**WHAT TO PRODUCE:**
Look through the listing below for the line containing "English Reading. Myths". Copy it and each line after it up to and including the line containing "4、積累足夠青玉后,進入主峰", exactly, leaving out pictures.

**STUDY MATERIAL:**
++++++++

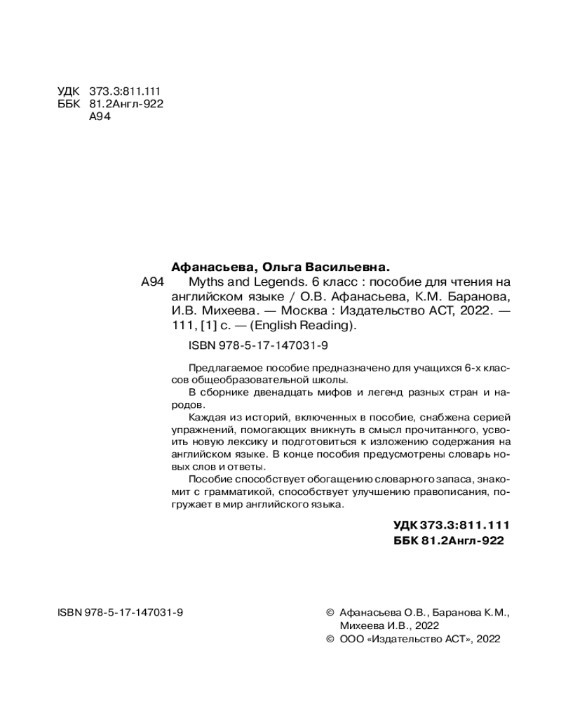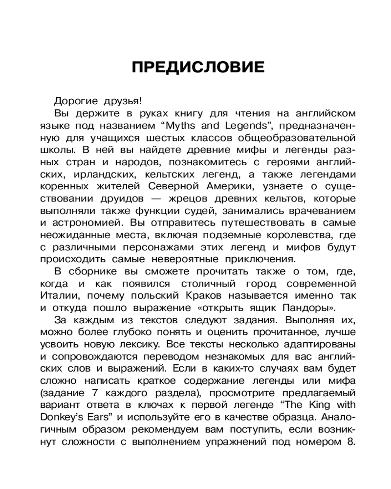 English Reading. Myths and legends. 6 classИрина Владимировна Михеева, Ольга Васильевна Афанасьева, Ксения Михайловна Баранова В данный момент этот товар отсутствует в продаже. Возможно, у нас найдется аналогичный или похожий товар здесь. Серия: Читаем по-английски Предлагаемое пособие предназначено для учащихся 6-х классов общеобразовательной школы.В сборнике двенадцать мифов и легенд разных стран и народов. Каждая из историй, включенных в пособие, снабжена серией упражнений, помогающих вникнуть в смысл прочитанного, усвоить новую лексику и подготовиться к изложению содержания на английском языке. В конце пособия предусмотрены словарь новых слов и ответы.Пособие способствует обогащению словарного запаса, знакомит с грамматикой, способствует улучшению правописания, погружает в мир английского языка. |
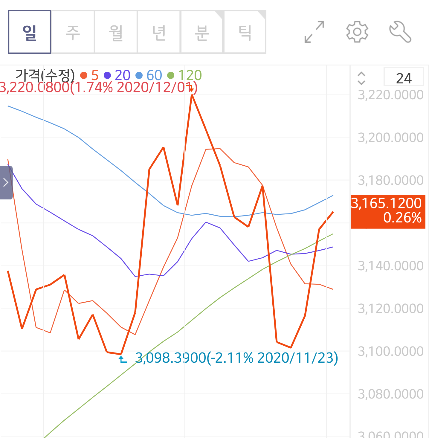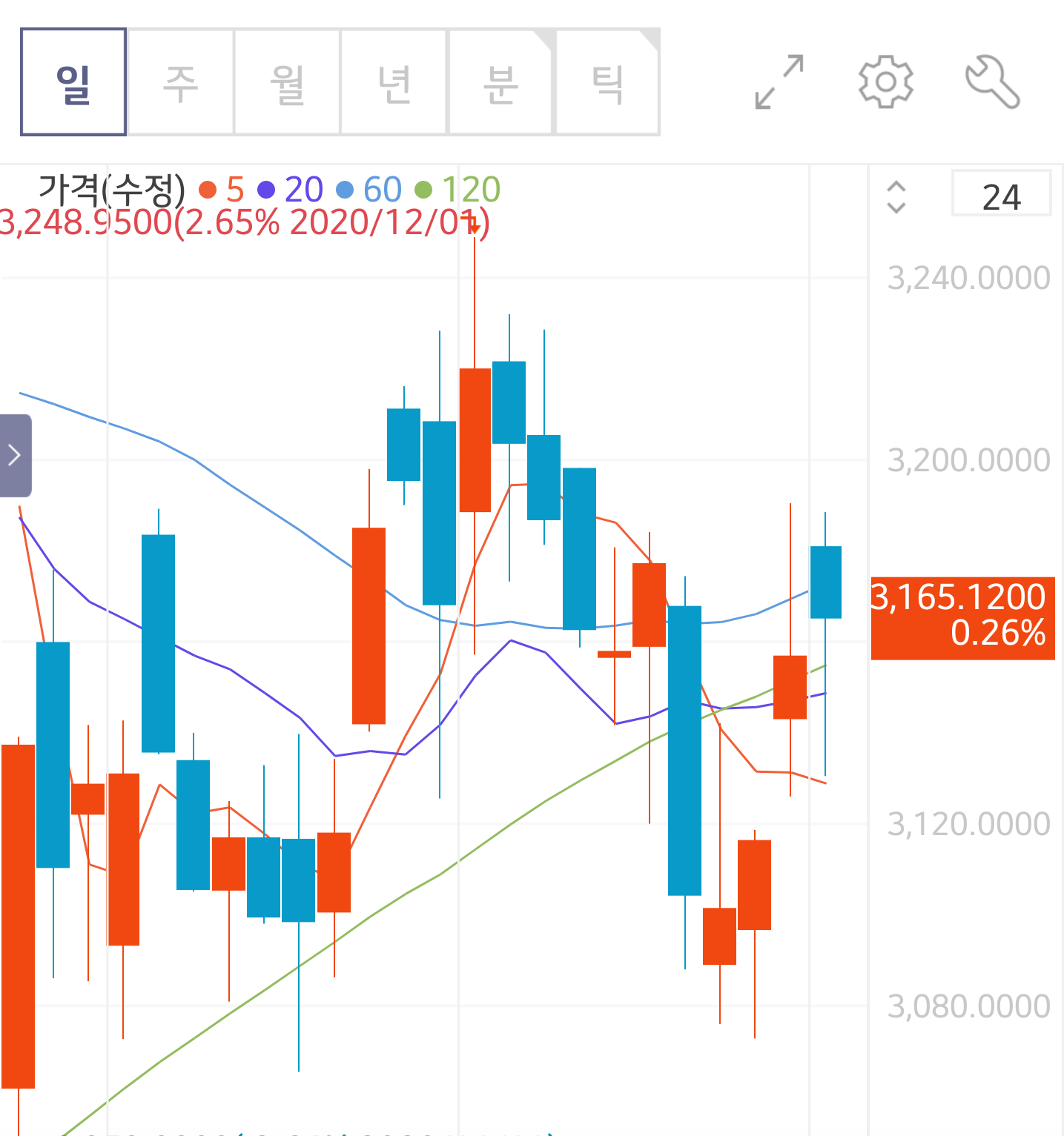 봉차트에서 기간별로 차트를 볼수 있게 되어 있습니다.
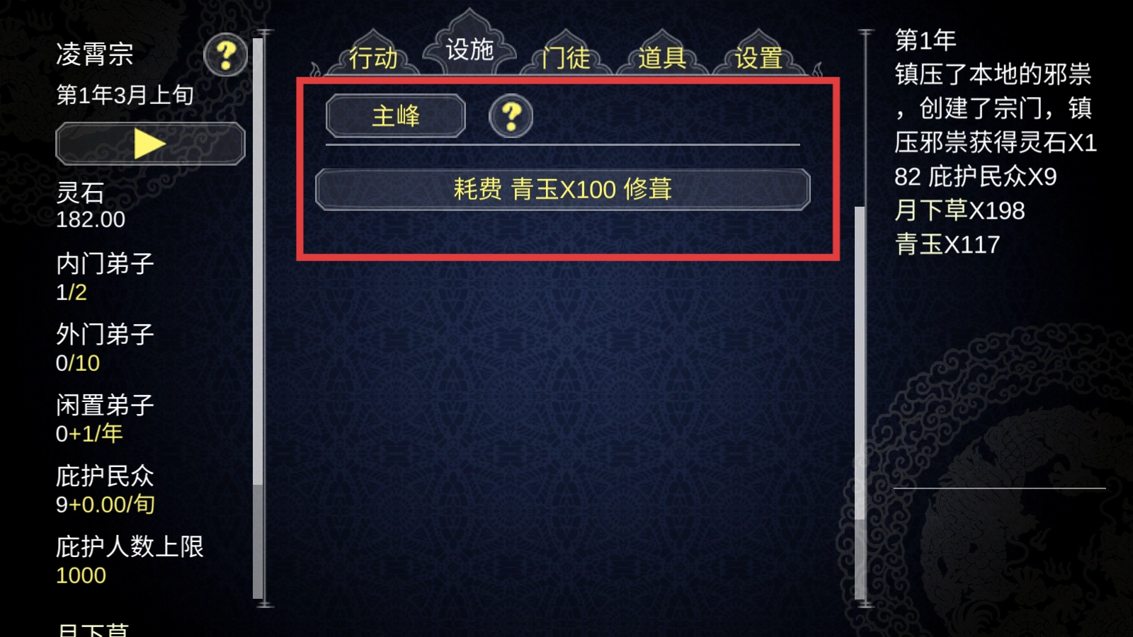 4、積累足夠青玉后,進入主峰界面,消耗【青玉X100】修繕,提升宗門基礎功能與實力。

++++++++

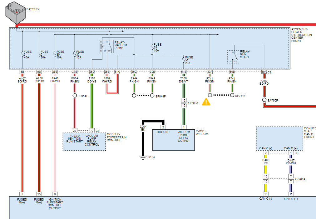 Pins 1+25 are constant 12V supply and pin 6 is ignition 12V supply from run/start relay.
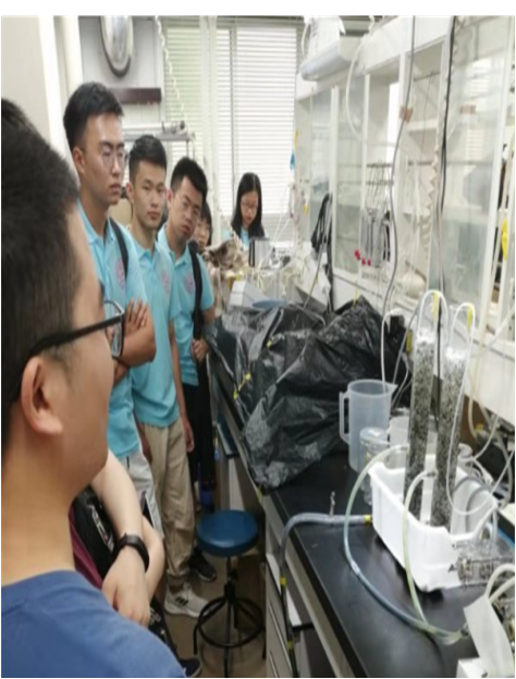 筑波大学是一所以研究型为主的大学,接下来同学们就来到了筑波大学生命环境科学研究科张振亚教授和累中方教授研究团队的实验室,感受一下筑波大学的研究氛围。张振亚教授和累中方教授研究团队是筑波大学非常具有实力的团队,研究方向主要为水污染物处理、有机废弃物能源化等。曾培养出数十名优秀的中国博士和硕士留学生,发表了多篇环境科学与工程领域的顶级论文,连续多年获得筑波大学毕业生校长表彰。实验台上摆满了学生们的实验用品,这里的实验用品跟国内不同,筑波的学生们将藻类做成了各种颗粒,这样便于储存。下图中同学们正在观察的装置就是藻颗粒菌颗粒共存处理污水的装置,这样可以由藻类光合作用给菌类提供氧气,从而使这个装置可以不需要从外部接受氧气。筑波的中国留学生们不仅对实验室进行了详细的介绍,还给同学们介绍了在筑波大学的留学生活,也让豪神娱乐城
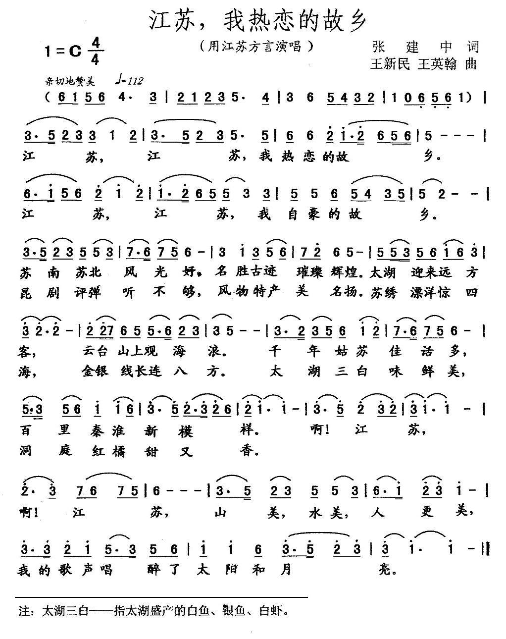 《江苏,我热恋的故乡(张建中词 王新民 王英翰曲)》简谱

++++++++

**REPLY TO THE EXERCISE:**
 English Reading. Myths and legends. 6 classИрина Владимировна Михеева, Ольга Васильевна Афанасьева, Ксения Михайловна Баранова В данный момент этот товар отсутствует в продаже. Возможно, у нас найдется аналогичный или похожий товар здесь. Серия: Читаем по-английски Предлагаемое пособие предназначено для учащихся 6-х классов общеобразовательной школы.В сборнике двенадцать мифов и легенд разных стран и народов. Каждая из историй, включенных в пособие, снабжена серией упражнений, помогающих вникнуть в смысл прочитанного, усвоить новую лексику и подготовиться к изложению содержания на английском языке. В конце пособия предусмотрены словарь новых слов и ответы.Пособие способствует обогащению словарного запаса, знакомит с грамматикой, способствует улучшению правописания, погружает в мир английского языка. |
 봉차트에서 기간별로 차트를 볼수 있게 되어 있습니다.
 4、積累足夠青玉后,進入主峰界面,消耗【青玉X100】修繕,提升宗門基礎功能與實力。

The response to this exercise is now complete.